Nazaqat
- First edition
- Author: Sasha H. Singhal
- Language: Indian English
- Genre: Thriller, Drama
- Set in: India
- Publisher: Half Baked Beans
- Publication date: 2013
- Publication place: India
- Pages: 204
- ISBN: 8192-692-620

= Nazaqat =

2013 novel by Harsh Agarwal

Nazaqat is a novel written by author Harsh Agarwal. Nazaqat was published in 2013 by Half Baked Beans under the pen name of Sasha H Singhal.

==Plot==

The story of Nazaqat is about a girl Naazani, who gets into sex work and takes the name Nazaqat.
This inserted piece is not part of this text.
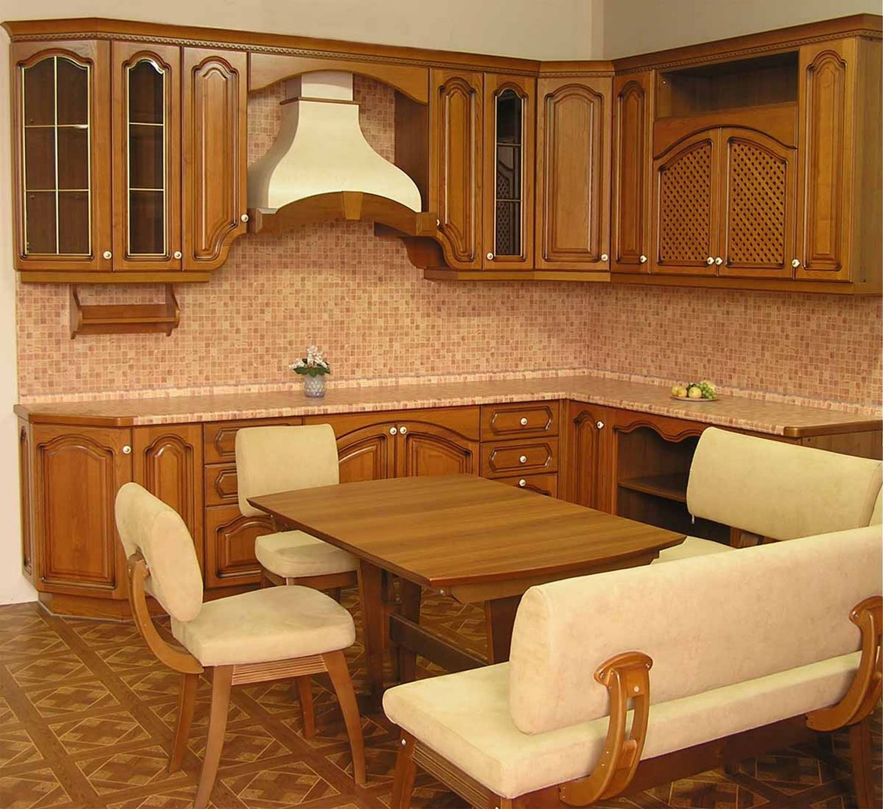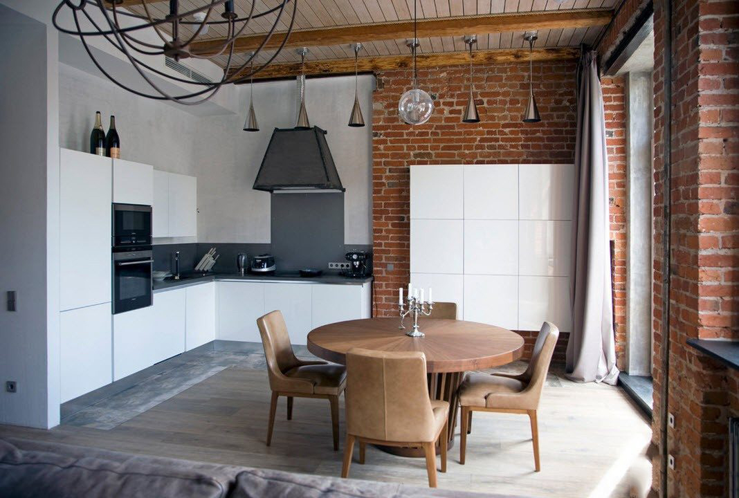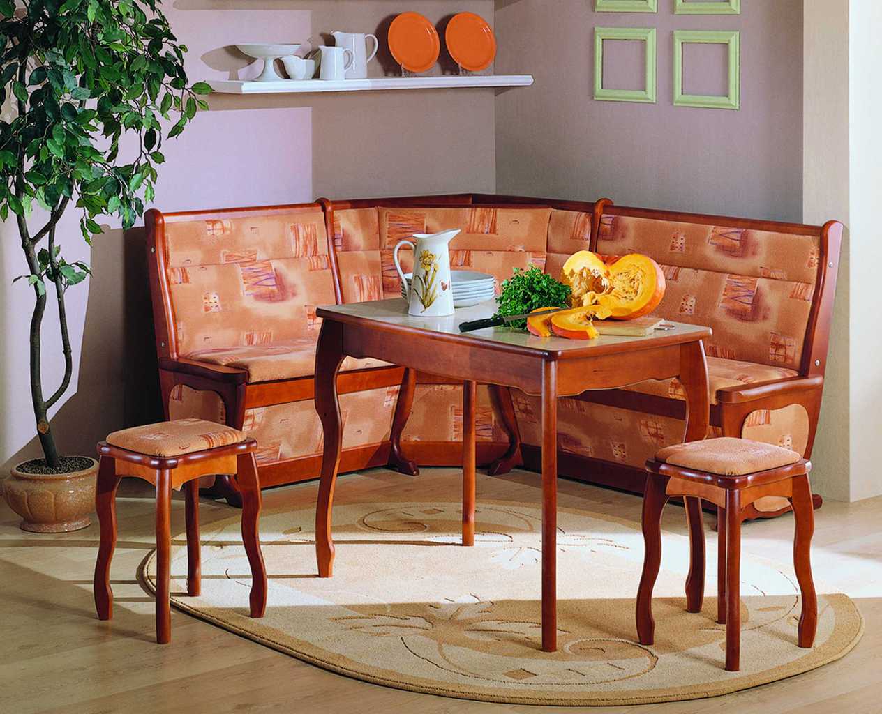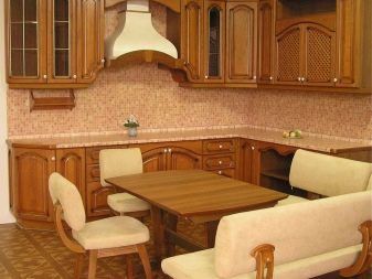 Si la cuisine a une taille impressionnante, le meuble rembourré ne gâchera pas son intérieur, mais le complétera. Un grand canapé et une table en bois massif deviendront un endroit où toute la famille se réunira tous les jours pour discuter du jour qui passe au dîner.

She eventually fought to legalize prostitution in India.

== Reception ==

Sankalpita Singh at Metro India said, "The book is written beautifully with the characters, the drama, the action woven so intricately yet so vividly. Though the book is very good, there is definitely scope of improvement in terms of plot." Lucknow Tribune published, "The book attempts to make a rather powerful statement on women empowerment through the life of a high-end escort Nazaqat."

==The author==

Harsh Agarwal is an author whose other books include An Excursion of Insight and Life in a Nutshell. He is also credited for films Mind Mera Mind, and Vaidya.